There's no overlooking Tim. He doesn't sit quietly in any corners in the clubhouse. He's really a part of the glue and the groove that makes the Giants what they are. The Giants really are a team in a sport where a lot of clubs just throw money at guys and hope they get together in the clubhouse. They don't have anywhere near the high payrolls of other teams, but they get the job done. The brotherhood and camaraderie in there is palpable. They play for each other and Tim is a central part of that. You can see it on TV when he's flagging somebody around third base: he runs all the way home with them. He's that into it and that's infectious. The guy is a sportsman down to every fiber of his being down to the cellular level.

The energy Tim brings is so positive, it's like sometimes you feel he's willing the ball to go out of the park or willing the player to move his legs faster and get around third base to home. That's perceptible: if we can feel it in the stands, the players on the field certainly must. That kind of energy that coaches can provide to the players in those moments is critical. Some coaches have that. Others just sort of stand there and wave their arms.

We sang the national anthem with Tim before Game 2 of this year's National League Championship Series against the Cardinals. Even though the Giants were behind in the series, they didn't seem rattled or anxious. We had a nice little chat with Barry Zito, who was scheduled to pitch Game 5 -- mostly about music -- and he looked like he couldn't wait. The fans and the punditry were edgy about Zito, but we saw he had it in him. He was going to go out and burn some people and that's what happened. The Giants didn't lose another game after that. He just wanted to get out there and have fun and play baseball the way it should be played: as a game. Tim's influence breeds that attitude.

What makes Tim our choice for Sportsman of the Year, however, goes deeper than helping the Giants to a second championship in three years.

Last offseason Flannery put on two benefit concerts for Bryan Stow, the Giants fan who spent months in a coma after he was attacked at Dodger Stadium in 2011. The concerts sold out before they were even promoted and he raised more than $60,000. We're hoping it will be an ongoing deal.
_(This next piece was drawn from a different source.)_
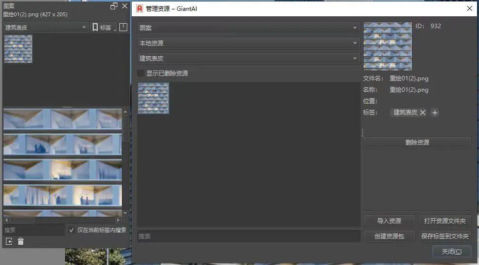 打开一张写字楼效果图,用笔刷工具将玻璃幕墙标红,随即弹出可供选择的“表皮库”,涵盖了全球最新最潮的幕墙范式,可一键替换、精准修改。

Bryan is not getting all that much better all that quickly. He's making progress and that's wonderful, but he's going to need some assistance as time passes. We're all down for the long haul.

Tim approached Bryan's cause much in the way that we would have, and he taught us a little something about Giants fans. They're more than just yahoo baseball fans. There's a lot of heart there. If you scratched beneath the surface of any fan pool in the U.S., probably anywhere in the world, you could find that. But we saw it first-hand here thanks to Tim.

Tim talks about never letting the hate take away from the good. To love harder. That's sort of what music is. By combining it with the Giants community, it gives off a lot of synergy and he reaches a lot more people that way. We could all link arms and skip through life with that song in our hearts.

Phil Lesh and Bob Weir are founding members of the Grateful Dead.